One concern with such pseudo-sharing sites is that they make it look like sharing is in fact taking place, defusing objections to such sharing. If someone does object, the fact that no sharing was in fact invoved can be trotted out; if there are not many objections, Facebook can pursue "real" sharing agreements with confidence. They also make it harder to tell when objectionable sharing is occurring.

An example of a true data-sharing agreement would be if a restaurant-review site let you log into their site using your Facebook cookies, and then allowed you to post updates about various restaurants.
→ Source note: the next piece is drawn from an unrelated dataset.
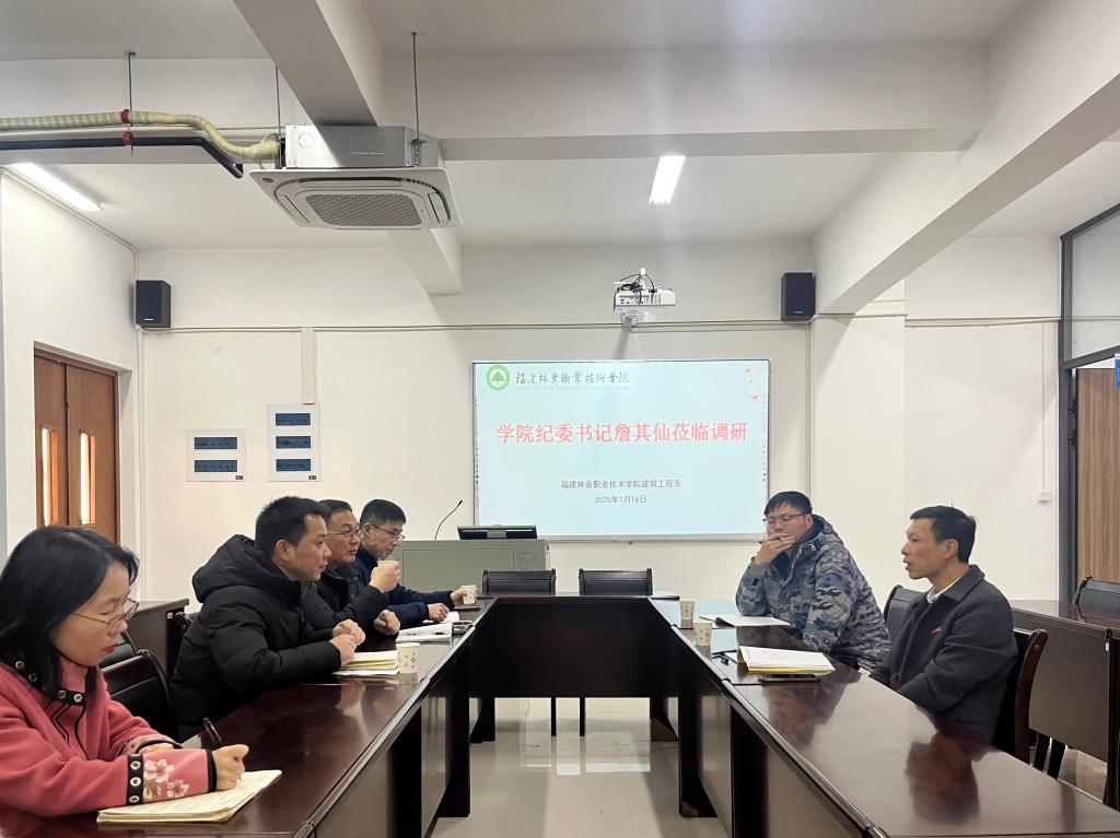 本网讯/2025年1月16日,福建林业职业技术学院纪委书记詹其仙深入建筑工程系,开展实地走访与调研。此次调研旨在深入了解建筑工程系的发展现状,掌握系部在教学、专业技能、党建及学生管理等方面的工作情况,为学院的整体发展提供有力支持。

Facebook "connections": http://www.eff.org/deeplinks/2010/05/things-you-need-know-about-facebook

Your connections are not communications with other users, but are links to your school, employer, and interests. It is these that Facebook decided to make "public" in May 2010; these they did back off from.


Facebook and Advertising

Facebook claims that user data is not turned over to advertisers, and this seems true (with a couple slip-ups): advertisers supply criteria specifying to whom their ads will be shown, and Facebook shows the ads to those users. For example, a few years ago I would regularly see ads for "Illinois drivers age 54", but this didn't mean that Facebook had turned over my age. What happened is that the advertiser has created an ad for each age 30-65, and asked Facebook to display to a user the one that matches his or her age. This is misleading, but information is not shared directly.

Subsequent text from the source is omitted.